Nick Bubb, an analyst at Evolution Beeson Gregory, said: "They are going backwards even though the comparisons are soft. They are having to cut central costs pretty hard just to stand still." Richard Ratner, at Seymour Pierce, said: "It appears to us that the company has decided to withdraw from the hotel business but keep the airport business for the time being and that losses next year will be much lower as a result."
After a bad Christmas for the group in the UK, where a strategy of focusing on building margins meant it lost market share, it said like-for-like sales in the six weeks to 12 April had recovered to rise 3 per cent. This was driven by a 7 per cent increase in underlying book sales after the retailer introduced a three-for-two offer on fictional books.

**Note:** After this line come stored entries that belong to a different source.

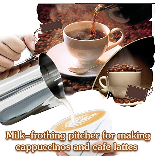 Milk Frothing Pitcher is made of stainless steel, rust-proof, stain-proof and crash-proof, heat-proof, unbreakable by daily use.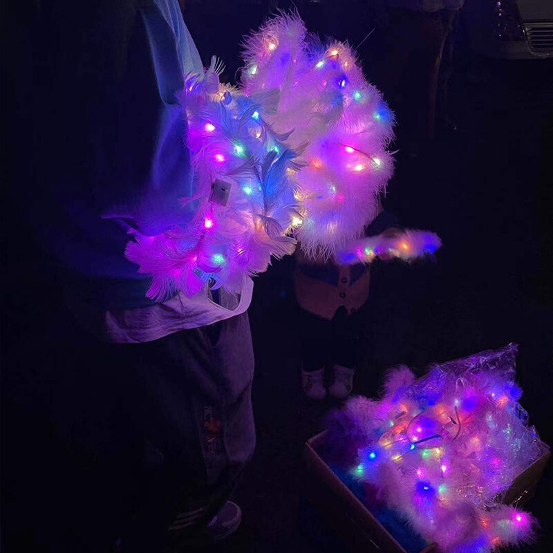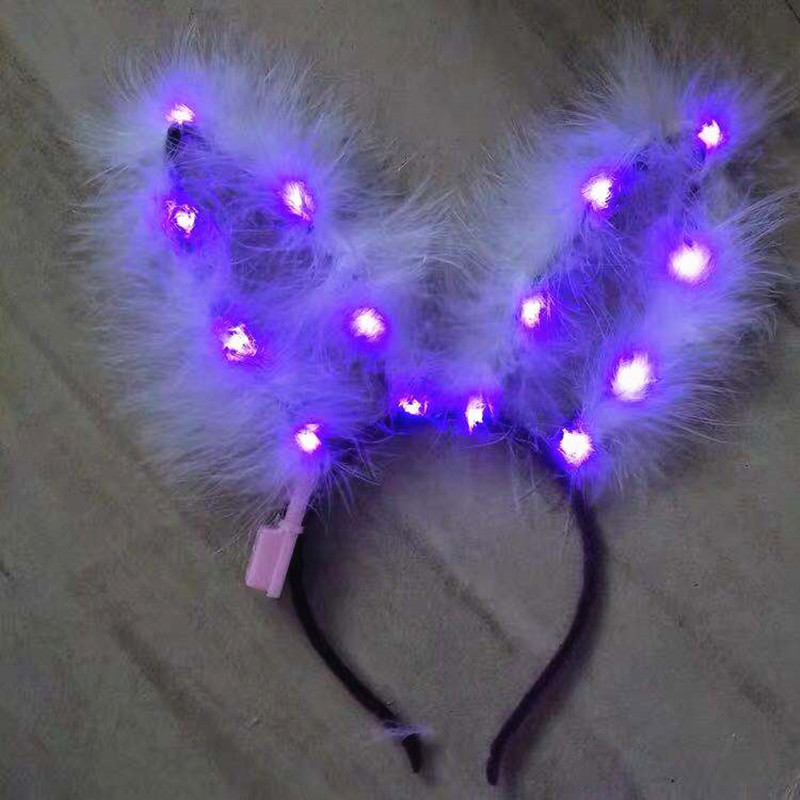 Fashion Plush Ears Led Girls Headband Feather Glowing Hairband Glowing Headwear Prop Supplies Holiday Party Gifts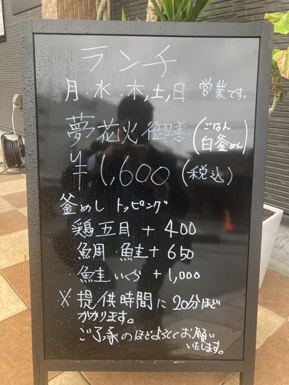 ランチメニューは夢花火御膳(1,600円)のみですが追加で釜めしのトッピングが出来るシステムになっています。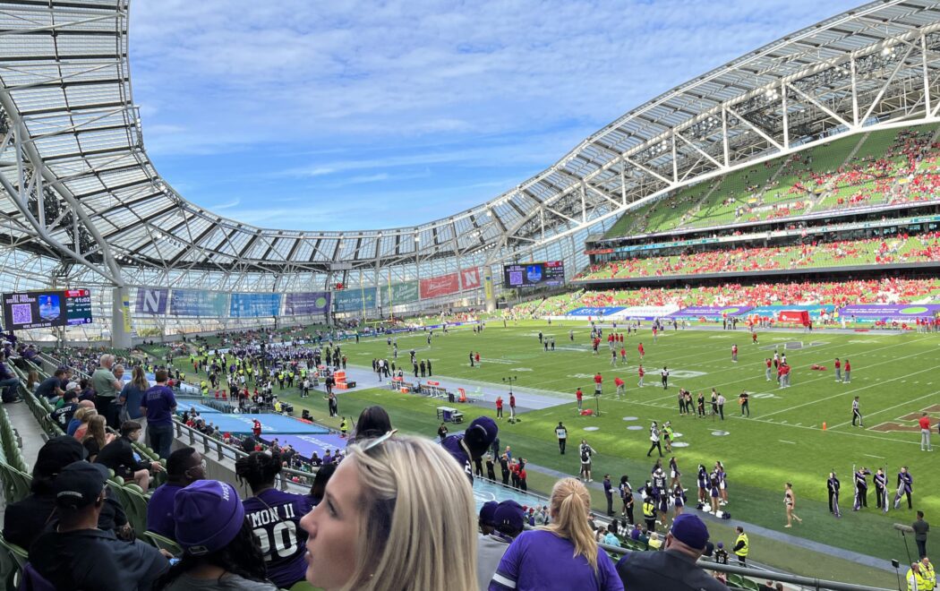 Stadium Tech Report field scout Lisa Farrell (a diehard Northwestern fan) was on hand live in Dublin for the game, and her early stymied attempts at Wi-Fi speedtests, while frustrating, turned out to be unrelated to the free-beer-and-food situation that came about later.

Smiths, which also has a UK news distribution arm and a publishing division, said profit at its core UK retail business was broadly flat at £83m in the first half. Overall, group profit before tax fell £6m to £54m although before the exceptional charge it edged up by £2m to £91m. Sales during the period were £1.56bn against £1.58bn a year earlier. The shares closed up 1.75p at 296.5.
Mr Handover said the group had taken 25 per cent out of its costs at its US head office in Atlanta. He noted that the hotels business, which the group acquired in 1986, had been profitable for the first 15 years. Sales in the outlets, which mainly sell souvenirs, have plummeted in line with the downturn in the leisure market since 11 September.